What the exercise asks
Write out exactly the lines below from the one containing "METOD / MAXIMERA" to the last, both ends kept, and nothing more; skip all pictures.

Supplied material
== Segment start ==
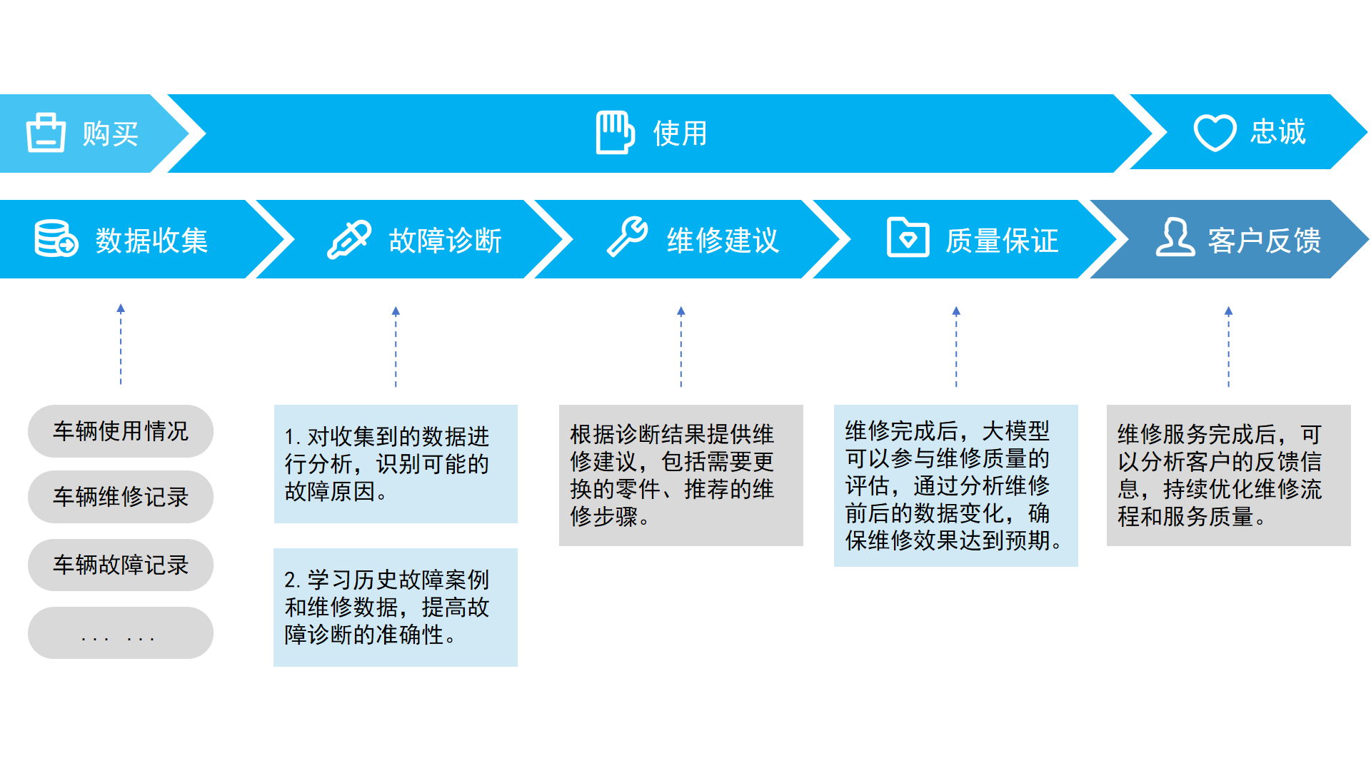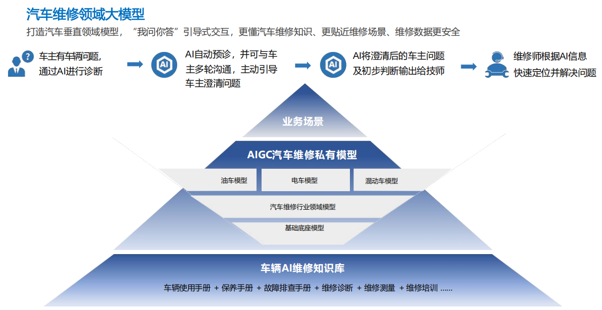 据中汽协会报告分析,未来体验类、智能化等高增长、高溢价业务将是中国汽车后市场的发展重点。在汽车维修领域,随着大数据、AI大模型等新技术对行业的加速变革,未来有望将从当前的AI故障识别,进一步实现智能化升级。
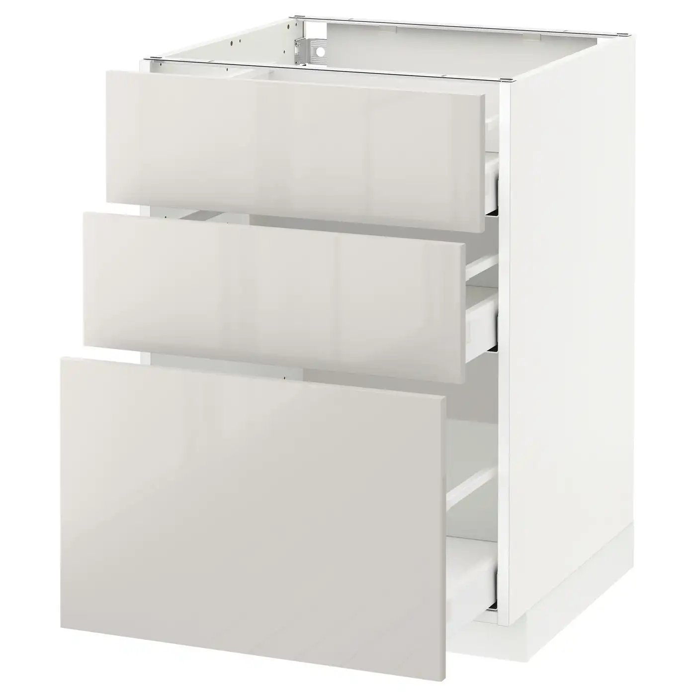 METOD / MAXIMERA Base cabinet with 3 drawers - white/Ringhult light grey 60x60 cm
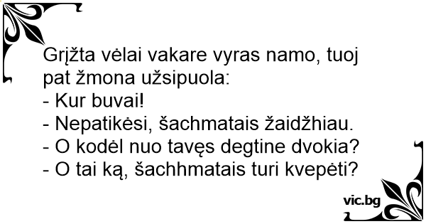 - Nepatikėsi, šachmatais žaidžhiau.
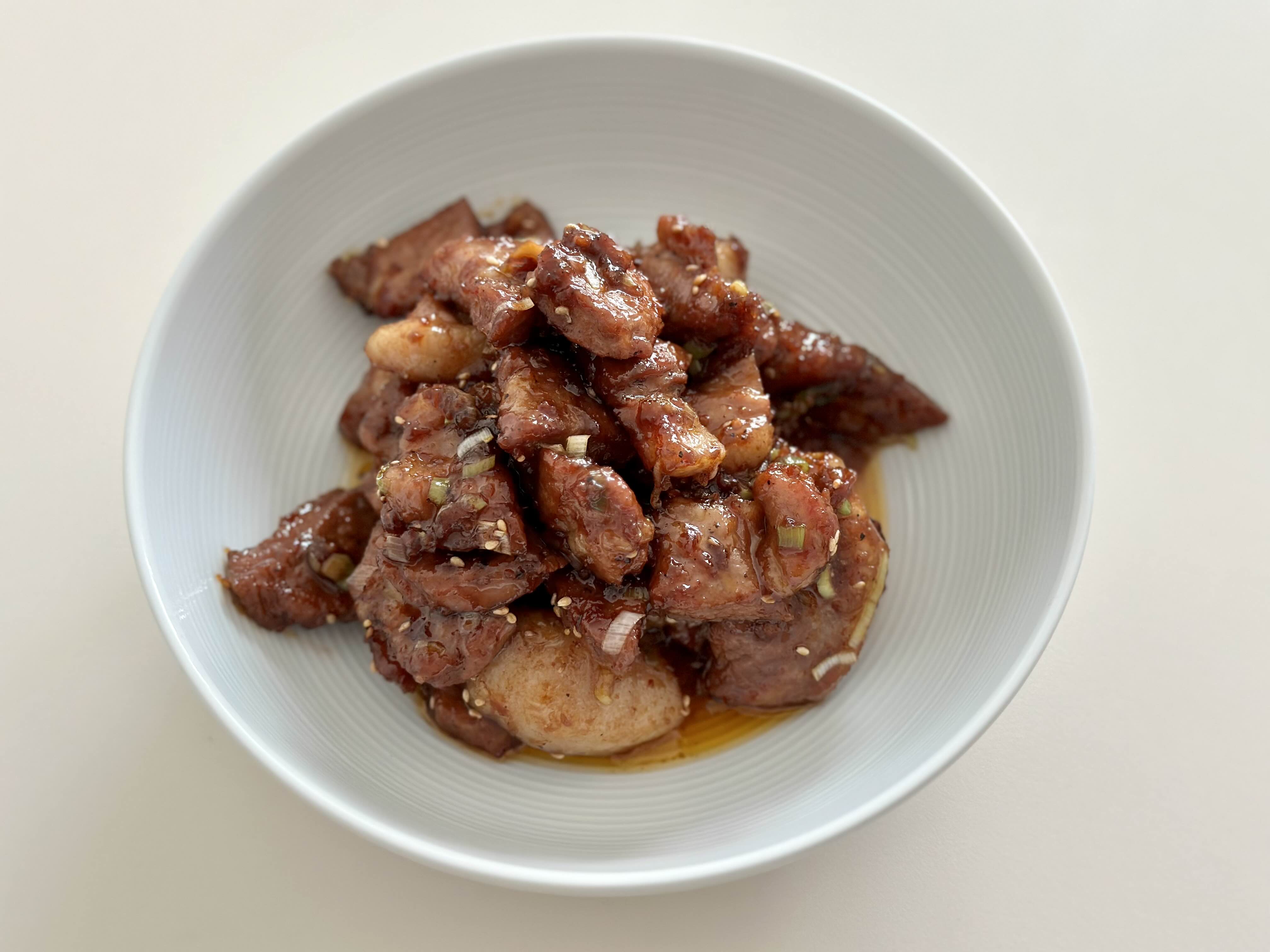 1. 고기를 굽기 전에 먼저 밑간을 해주시면 좋아요. 저는 소금과 후추를 뿌려서 잠시 두었어요. 위에서 썼듯이 청주로 같이 재워둬도 좋아요. 어차피 양념으로 졸이기 때문에 저는 청주는 생략했어요.
== Segment end ==
Exercise solution
 METOD / MAXIMERA Base cabinet with 3 drawers - white/Ringhult light grey 60x60 cm
 - Nepatikėsi, šachmatais žaidžhiau.
 1. 고기를 굽기 전에 먼저 밑간을 해주시면 좋아요. 저는 소금과 후추를 뿌려서 잠시 두었어요. 위에서 썼듯이 청주로 같이 재워둬도 좋아요. 어차피 양념으로 졸이기 때문에 저는 청주는 생략했어요.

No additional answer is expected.